For one thing, it creates potential unfairness for property owners.  An owner of a proposed development that would keep the historic façade may have as much at stake as one whose redevelopment calls for demolition of the heritage building. Yet the second owner can appeal a municipal refusal to the LPAT for a binding decision; the first cannot.[1]

For another, the process may in fact be providing a disincentive to conservation.  Where the municipality refuses proposed major alterations, the owner may opt to proceed with a demolition application instead, hoping for better result from the LPAT. The recent case at 421 Roncesvalles Avenue in Toronto appears to be an example of this.[2]

And then there is the inconsistency.  Before 2005, when there was nothing to appeal, the OMB was not in the picture when it came to demolitions of either individually designated buildings under Part IV or buildings in heritage conservation districts under Part V.  But the OMB did have authority to hear appeals on alteration refusals in an HCD (as well as refusals to permit the erection of new structures).  Now, of course, the LPAT has cornered the market on demolition appeals in both parts of the Act.  That leaves only alteration appeals under Part IV outside the LPAT’s purview … with what looks like an antiquated and virtually never-used appeal route to the CRB.

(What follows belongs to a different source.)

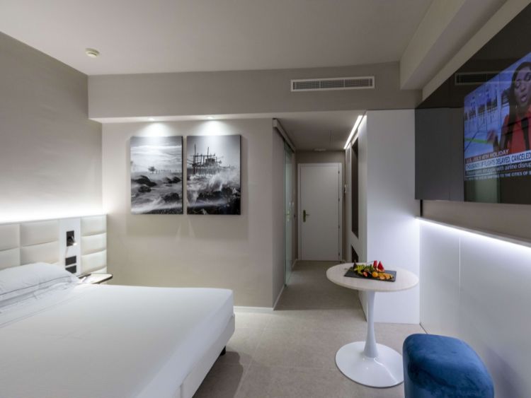 Camere finemente arredate che giocano sui toni caldi del tabacco e della sabbia. Il sommier King Size assicura un riposo ottimale mentre il luminoso bagno con Doccia Walk-in completa l’esperienza di queste camere di nuova generazione. Tutte con balcone provvisto di sedie e tavolino che affaccia verso la collina.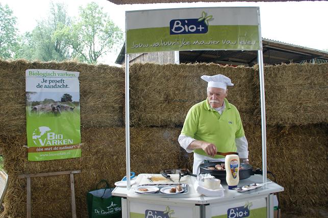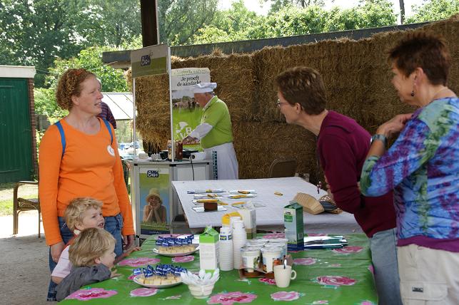 Op de Adrianahoeve, de boerderij van de familie Kool in Linschoten, konden de bezoekers een kijkje nemen bij de diverse kraampjes met o.a. informatie over biologische producten, deelnemen aan een biologische zuivel- en vleesproeverij of lekkere boerenwafels eten.

The fix for this is simple: subject both alteration and demolition applications under Part IV to the same appeal process, just as is done in Part V.

Section 33 should be revised, or combined with section 34, to permit appeals to the LPAT.

What say you?


By now many of you will have heard the sad news of the death of Steve Otto. Built Heritage News has fitting tributes to Steve here. I wrote about Steve in January when his appointment to the Order of Canada was announced.[3]
 

Steve Otto with Connor Turnbull and Dan Schneider at the ACO awards dinner

Steve Otto with Connor Turnbull and Dan Schneider at the ACO awards dinner


Notes

Note 1: The first owner can of course “appeal” to the CRB, and have council make the final decision, but, as the rareness of such appeals demonstrates, will almost certainly decide not to bother.

Note 2: See https://www.toronto.ca/legdocs/mmis/2018/pb/bgrd/backgroundfile-113110.pdf.

Note 3: See “Looking back at 2017…”.